Setelah membaca pesan
WhatsApp, sang ustadz tidak hanya teringat dengan jadwal halaqahnya
malam ini. Ingatannya kembali lagi ke pembicaraan menjelang Maghrib kemarin
dengan beberapa siswa. Mereka minta izin untuk mengadakan pertandingan futsal
antar halaqah. Dan beliau berpesan kepada mereka, “Kalian harus lebih
memprioritaskan dan menomorsatukan halaqah daripada futsal.”
Dalam hatinya, sang
ustadz berkata, “Ini adalah ujian keteladanan. Apakah saya mampu komitmen
dengan kata-kata dan nasehat saya? Ataukah saya akan menjadi pribadi yang
memberikan contoh tentang ketidakserasian antara ucapan dengan perbuatan?”
*********
Tugas utama seorang
guru, pendidik, ustadz ataupun murabbi bukan sekedar mentrasfer ilmu yang
mereka miliki.

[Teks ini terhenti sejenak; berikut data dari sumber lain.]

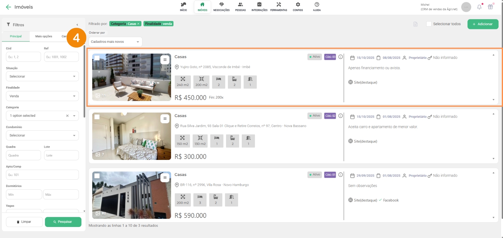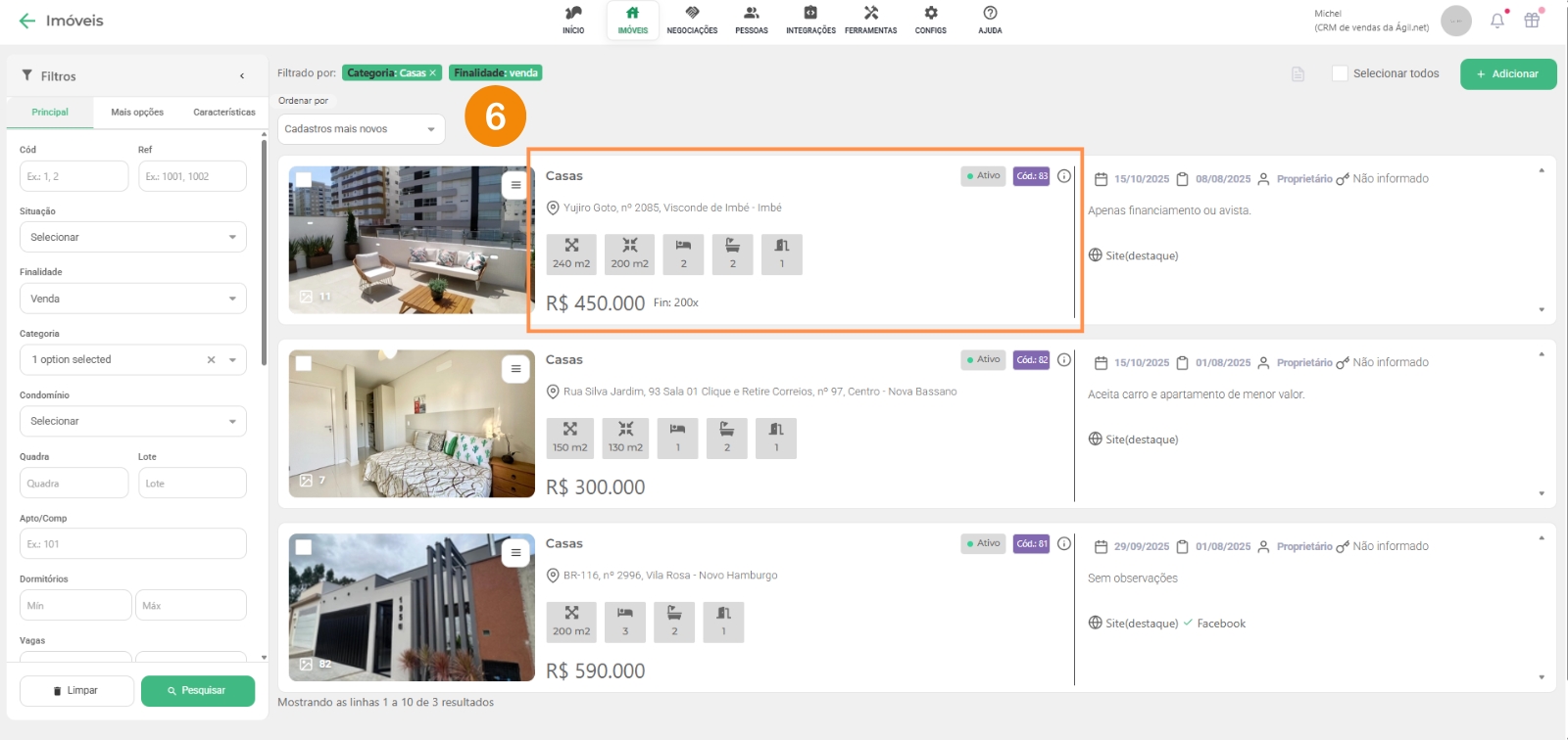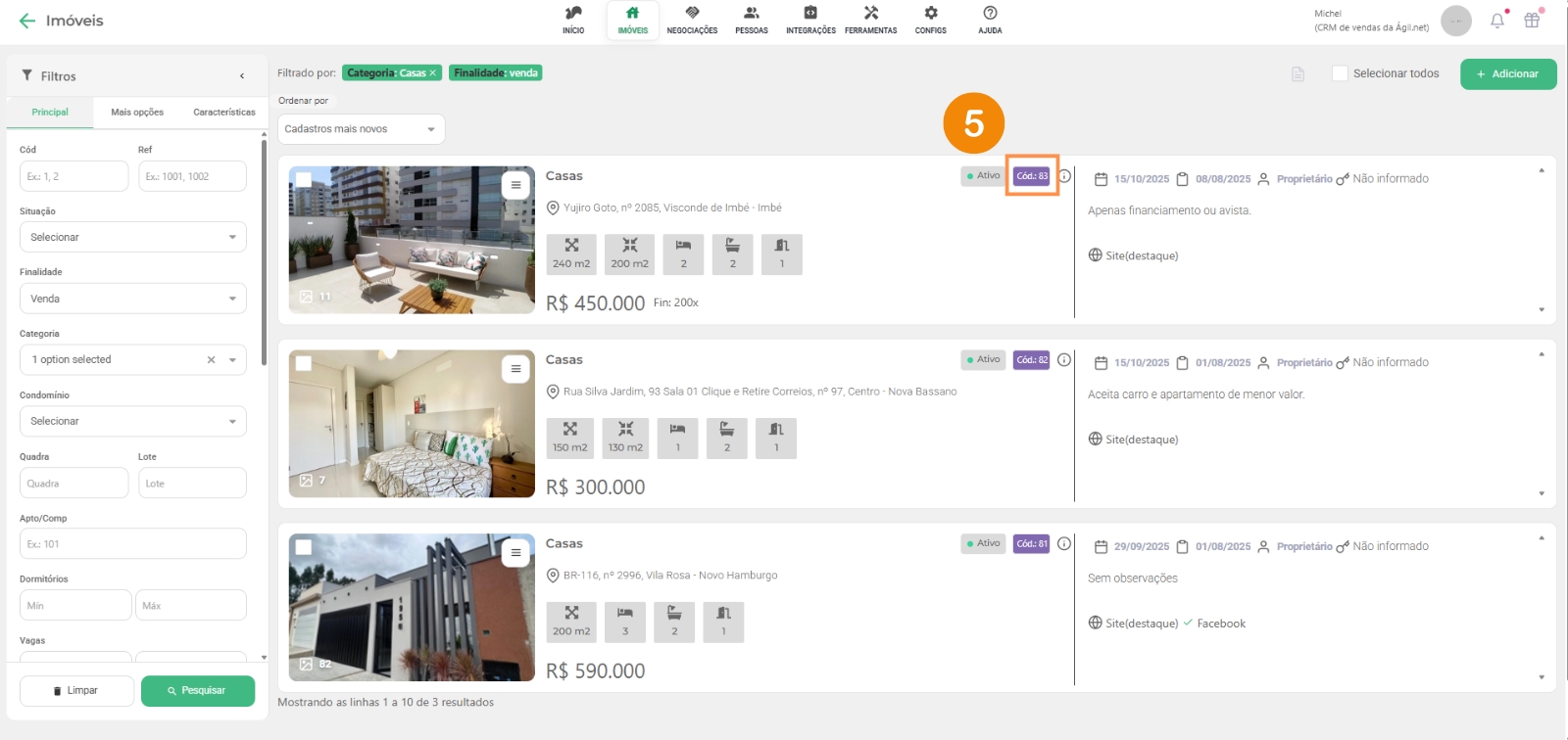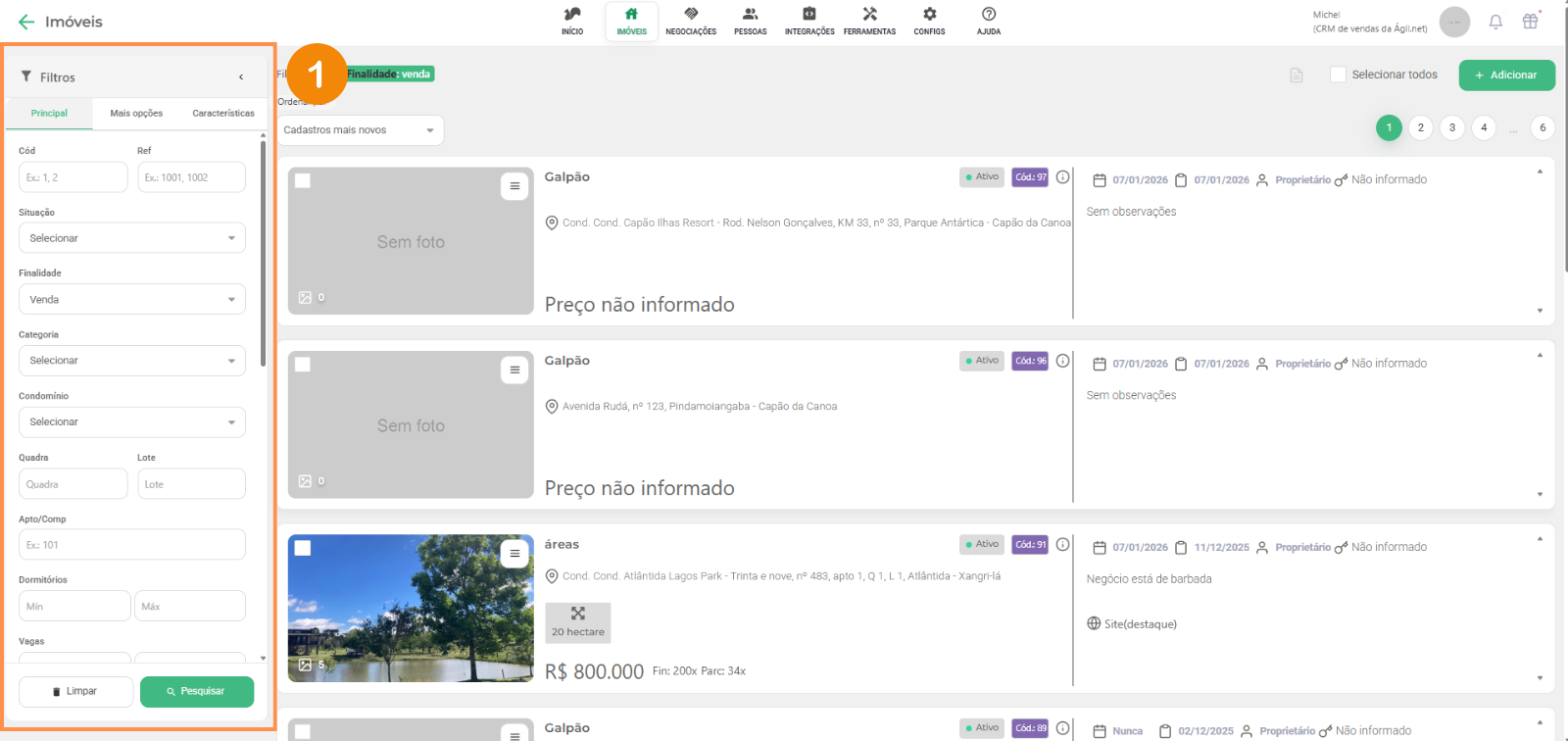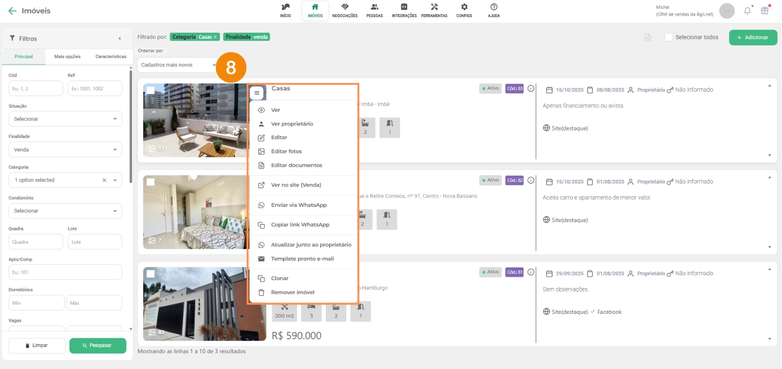 Clicando em “Imóveis” e depois no submenu, “Venda”, mostra todos imóveis ativos (tem outras abas como locação e locação temporada no submenu), você terá algumas opções para sua administração:

Kewajiban utama dan tugas paling berat seorang guru adalah
menjadi teladan bagi para murid. Begitu juga halnya dengan seorang murabbi, ia
harus mampu menyelaraskan antara perkataan dan perbuatan. Tidak boleh ada
perbedaan antara yang diucapkan dengan yang dikerjakan.
“Wahai orang-orang yang
beriman! Mengapa kamu mengatakan sesuatu yang tidak kamu kerjakan. (Itu) sangatlah
dibenci di sisi Allah jika kamu mengatakan apa yang tidak kamu kerjakan.”
(QS. Ash Shaf:2-3)
“...Aku tidak bermaksud
menyelesihi kalian terhadap sesuatu yang aku larang kalian mengerjakannnya. Aku
hanya bermaksud (melakukan) perbaikan selama aku masih sanggup. Dan petunjuk
yang aku ikuti hanya dari Allah. Kepada-Nya aku bertawakal dan kepada-Nya
(pula) aku kembali.” (QS. Hud: 88)
Dr. Yusuf al Qaradlawiy
juga pernah memberikan wejangan, “Perkataan dianggap tercela jika lebih banyak
dari amal perbuatan. Dan lebih tercela lagi jika tidak diiringi amal perbuatan.
Dan lebih lebih tercela lagi jika bertentangan dengan amal perbuatan.”
Hasan al Bashri, salah
seorang ulamat tabi’in, suatu ketika pernah diminta untuk berkhutbah tentang
memerdekakan budak. Selama tiga kali Jumat sejak diminta, beliau tidak pernah
sedikitpun menyinggung masalah perbudakan dalam khutbahnya. Baru pada Jumat
keempat, beliau berkhutbah dengan lantang tentang memerdekakan budak.
Seusai mendengar
khutbah Hasan al Bashri, para pemilik budak pun beramai-ramai memerdekakan
budaknya.
Ketika ditanya, ”Kenapa
baru sekarang Anda berkhutbah tentang memerdekan budak?”
“Seperti yang kalian
ketahui, saya tidak punya budak. Dan selama tiga minggu saya menabung untuk
membeli budak. Setelah tabungan saya cukup, saya pun membeli budak dan dia saya
merdekakan.”
Saya teringat, salah
seorang murid pernah bercerita tentang
pembina adiknya di asrama. Si adik takjub dan salut dengan pembinanya
yang selalu bangun sebelum pukul 04.00 WIB. Si adik sangat ingin meneladani
pembinanya, sebelum pukul 04.00 WIB sudah terbangun.
Bermunajat di saat orang lain masih terlelap dan dibuai mimpi.